The dependencies are included and can be directly installed via conda:

conda env create -f antifake.yml 

Alternatively, manually install all dependencies by running the following:

conda create --name antifake python=3.7
conda activate antifake
pip install torch==1.13.0 torchvision==0.14.0 torchaudio==0.13.0 --no-cache
pip install -r ./TTS/requirements.txt
pip install -r requirements.txt
sudo apt install ffmpeg

Due to the file size restrictions, some of the files are moved to the supplementary materials hosted on Drive. It contains the following files and folders: antifake_synthesizer_bundle, autoregressive.pth, diffusion_decoder.pth, synthesizer.pt, and add_random_noise.py. The autoregressive.pth and diffusion_decoder.pth are required to run the AntiFake system, please put them under the path of AntiFake/tortoise/; similarly, please put synthesizer.pt under the path saved_models/default/. The folder named antifake_synthesizer_bundle contains the speech synthesizers that can be used to validate the efficacy of the protected samples, and their usage is documented in antifake_synthesizer_bundle/README_synthesizers.md. The add_random_noise.py script is used for examine the efficacy of the optimized perturbations, for details please see Additional Experiments.
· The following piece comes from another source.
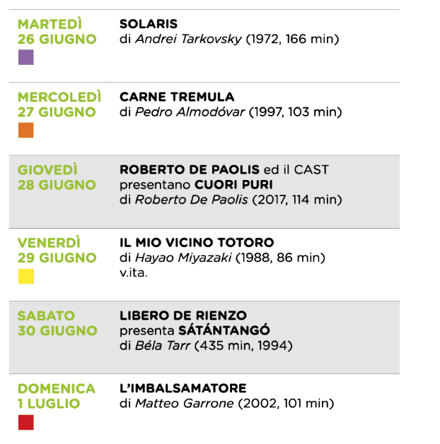 I ragazzi del Cinema America, associazione culturale no profit con sede a Roma guidata da Valerio Carocci, hanno diffuso il programma con le date e le nuove location per le proiezioni, gli incontri con registi e attori e i dibattiti organizzati per l’estate 2018.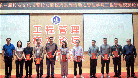 本次共授牌校企合作实习实践基地五家,为工程管理专业学子搭建了良好的社会实践平台;同时现场颁发了由重庆瑞达资产评估房地产土地估价有限公司设立的企业奖学金,瑞达奖学金设立9年,共计资助工程管理优秀学生54名;为充分发挥教师育人主导作用,营造全员育人氛围,有效推动思想教育与专业教育、课堂教育与课外教育相结合,促进学生全面发展。管理学院特成立工程管理校友导师计划,邀请工程管理系优秀校友担任专业导师,搭建校友与学院沟通平台,指导在校学生成长和职业发展。第一期导师计划共授予10名校友导师,他们分别是:03级校友、财信发展投资发展中心总经理马荷,04级校友、中垭建设集团项目经理王涛,05级校友、云南龙镁环境科技有限公司金小龙,05级校友、金科地产集团副总监吴边,05级校友、重庆时刻房地产顾问有限公司创始人赵明,06级校友、重庆市建设项目管理有限公司咨询事业部技术负责人任智勇,08级校友、重庆市城市建设管理学校BIM中心负责人张增全,10级校友、碧桂园川西南区域总裁助理文强,10级校友、重庆坤源衡泰律师事务所专职律师王露,11级校友、广联达教育培训事业部东南大区服务经理林俊杰。

Execution Command Explained

In run.py under the "options" block, users can change the options of the output directory OUTPUT_DIR, as well as which encoders to use in the ensemble in case VRAM is limited. Additionally, the attack is default in target-based mode, user can also turn on/off THRESHOLD_BASE to use threshold base instead. For more details, please refer to our paper.

To convert the audio file to the acceptable format of AntiFake, please use the following:

ffmpeg -i <source_audio_path> -acodec pcm_s16le -ac 1 -ar 16000 -ab 256k output_audio.wav

AntiFake takes in two arguments of a source audio file to be protected (.wav), and a protected output audio file (e.g. "./output/completed.wav")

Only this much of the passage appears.